Wang Xixin, along with four other Peking University scholars, issued a set of recommendations last month to the National People's Congress calling for an overhaul of demolition procedures.
"Involuntary relocation may pose a psychological impact on the people being moved, which may become an unstable factor in society," Wang said. "In terms of culture, the concept of community is gradually disappearing. Hutongs, old city towns, a very essential part of our culture, are gone."
Urban villages are also being knocked down at a rapid clip in Beijing.
With their destruction comes the disappearance of complex structures of social and economic dependencies, said Hyun Shin, a lecturer in urban geography at the London School of Economics and Political Science who studied the social impact of urban redevelopment in Beijing.
"They are disconnected from their previous neighbors and are detached from the new community," said Shin. "There might be some trauma and shock, as well as health issues and psychological implications."
Relocation can be particularly hard on the elderly, who usually move to the outskirts of Beijing while their children manage remain in the city. This disintegration of the family unit creates new stress when it comes to caring for grandparents who traditionally would have relied on younger generations to look after them, said Shin.
"There are different combinations of living which become very individualized," he said.
A retired soldier surnamed Lu is one example. The 71-year-old had a home that was demolished in the Haidian district village, the same area where Xi set himself on fire. Unlike Xi, however, Lu accepted the compensation developers offered him.

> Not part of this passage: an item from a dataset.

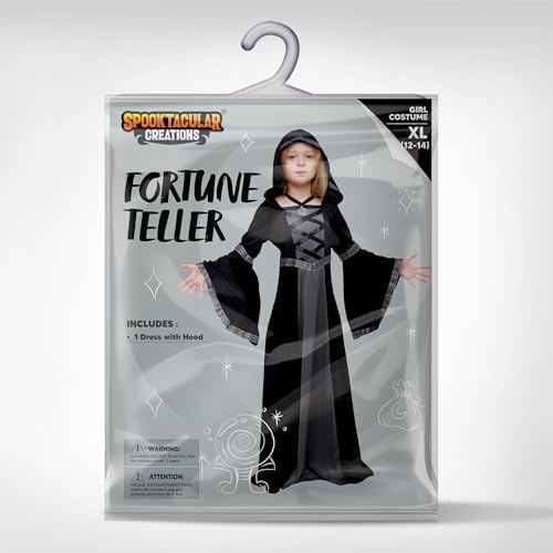 Spooktacular Creations Black Hooded Robe Costume for Girls, Fairytale Witch Costume Halloween Role-playing Party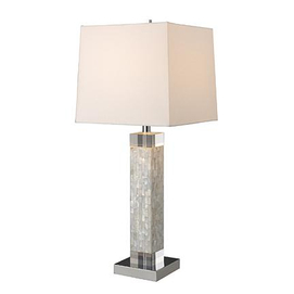 The Trendsitions table lamp has mother of pearl accents that are hand inlayed into a steel base and topped with lucite. The square shade enhances the shape of the pearl accents.

"I didn't want to be in the way of a government project," Lu said.
He now lives alone, renting a transitional housing unit for 1,500 yuan ($220) per month. His son and two daughters have moved elsewhere. During the interview with METRO, a boiling pot of vegetables started to burn on Lu's stove, spreading smoke throughout the small flat.
"I am getting old and accustomed to living on the ground floor, so when I moved into an apartment building, climbing stairs, even three floors, was a difficult job for me," said Lu.
Lu said he misses life in his old house. During summers, he and his neighbors would sit outside and chat.
Despite the home's dismantling, at least Lu still has the fragments of a life he can glue back together and then move on.
For Xi, it is a far different story.
He and his wife, a US citizen, have been in a Beijing hospital for weeks. Xi, who holds a US permanent residence card, is recovering, but the couple have nowhere else to go. No one in their family does.
Xi's family was offered three two-room apartments and 640,000 yuan as compensation. The family rejected the offer.
In December Xi's brother filed a lawsuit against the Beiwu village committee, but the suit was rejected by a Haidian district court on grounds local officials acted according to law. The brother has appealed the case to the Beijing No 1 Intermediate Court but has not received a response.
Xi says his self-immolation was not premeditated but instead a spontaneous act of anger and desperation. At the moment, he thought it seemed worth sacrificing his life to protest the destruction of his home.
"I don't think about the future," said Xi. "I don't even see a future."
But he remembers the past fondly.
"The view from the old house was very beautiful," he said while sitting in a wheelchair, blankets wrapped around his scorched skin. "It was a very pretty place."